“The heart of succession is always murder. The new cannot grow where the old remains.”
– Theodore Langman, Wizard of the West
Four Calamities had gone south, and Scribe with them, but only two awaited on the other side of the fairy gate. I’d not expected to see Assassin, but looking at Warlock and Black standing side by side my heart broke a little. It was the way they stood: slightly apart, as if they expected a larger person to be behind and leaning over their shoulders. Captain had left a gaping hole behind her in more ways than one. Out in the open our greetings were polite, friendly even, but distant for all that. None of us were inclined to emotional theatrics in front of so many watching eyes. Warlock made himself scarce without bothering to explain, hard eyes lingering on me even as his handsome face smiled without a speck of sincerity, and my teacher silently led me to a tent in the heart of the Fifteenth’s camp. Before I even came in sight of it I could feel the wards pulsing, a least two dozen woven tigether that reeked of coiled and contained violence. Not Masego’s work, this. There was a depth and sophistication to it Hierophant had yet to reach.
It was where my teacher had been sleeping, I saw with a start. The inside was sparse and austere, functional Legion furnishings surrounding a standard issue cot. A handful of scrying tools could be glimpsed in a corner, glinting softly in magelight, and the short folding table that stood to the side was flanked by two rickety stools. The second most powerful person in the Empire slept here, and I could have bought everything in the tent with a mere month’s salary.
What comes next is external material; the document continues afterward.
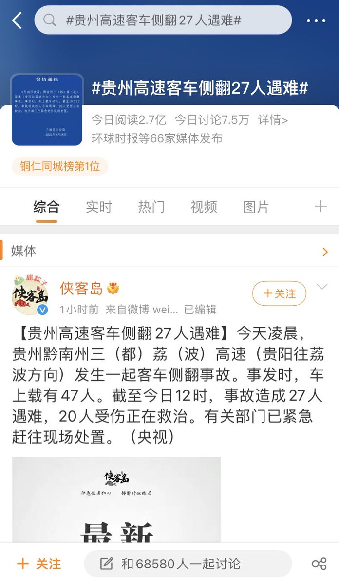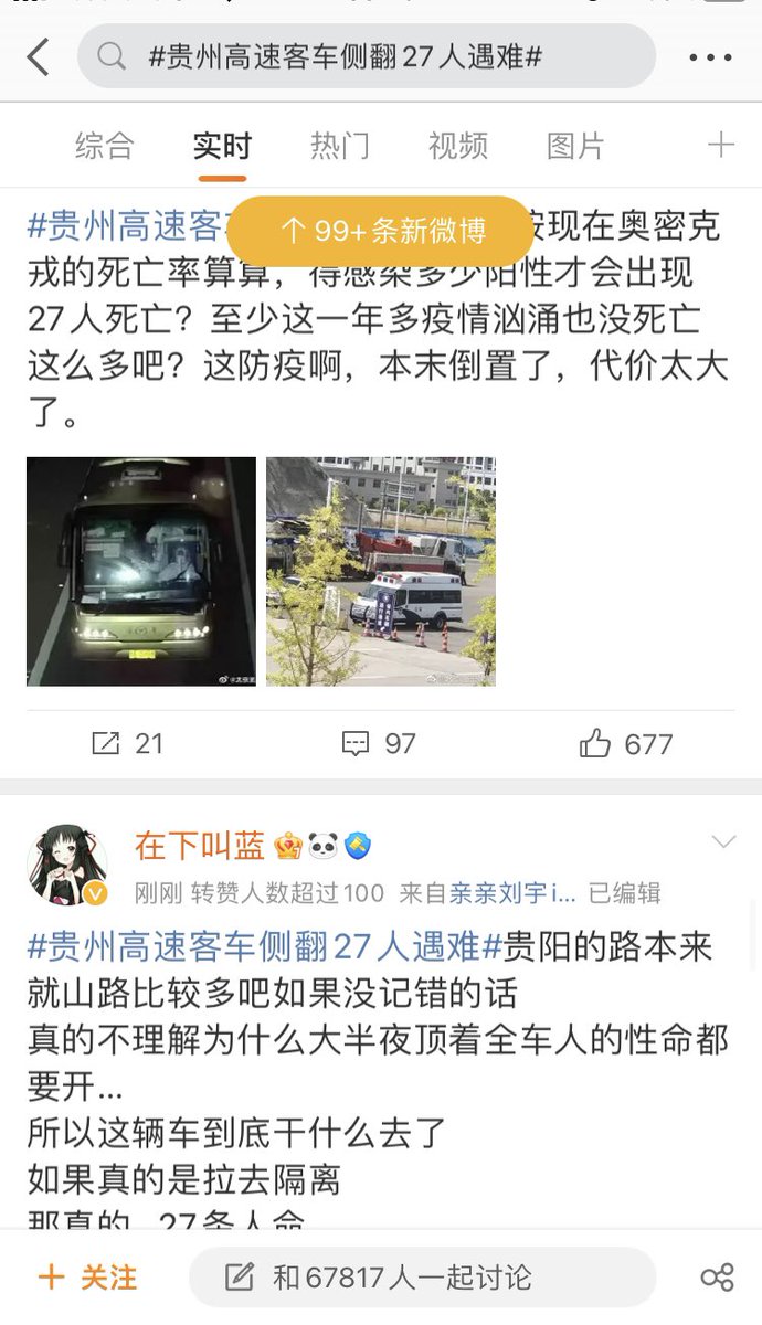 To achieve its “zero Covid” goal on the 19th, Guiyang transfers positives and close contacts to surrounding counties. Early hours of this morning, a transfer bus heading to Libo had a rollover accident, which tragically killed 27 passengers. 20 people are still under treatment.

I’d never been too inclined to luxuries myself, but Black took it a step further. The tent’s flap closed behind us with a quiet swish, leaving the two of us standing in the soft sorcerous glow. I was taller than him now, I realized. By a little more than an inch. How long had it been, since we’d last seen each other? A year, or close. He was still pale in that way that was more corpselike than Callowan, all the life in him gathered into those eerie green eyes. Named did not get tired the way normal men did, did not feel that burden as acutely, but in the lines of his face I read something like exhaustion.
The silence stretched on for a long time, me looking at him and him looking at me. If we were different people, I thought, he would be embracing me. But that wasn’t who we were, so instead his fingers fleetingly touched my shoulder, using the excuse of brushing off lint that did not exist, and I forced myself not to lean into the touch. Those were the lines we lived between, even now.
“I’m so sorry,” I said, “about Sabah.”
For what couldn’t even have been the full span of a heartbeat something like raw anguish flickered across the man’s face, before it was whisked away into the void.
“So am I,” he said, and there was something almost tired in his voice. “So am I.”
I couldn’t remember moving but found myself on a stool as Black claimed his own, watching as he broke the clay seal over a roughly-hewn bottle. He poured himself a cup of the red liquor within, and looked askance at me. I nodded and was handed cup of my own.
“Those who leave are met again,” he said quietly, the words cadenced and formulaic. “Be it Above or Below.”
Our cups clinked dimly and we downed the drinks. It tasted like wine, I thought, if someone had dumped half a bottle of hard liquor in a bad red vintage. I kept myself from grimacing.
“What happened?” I asked. “Last I heard the situation south was under control.”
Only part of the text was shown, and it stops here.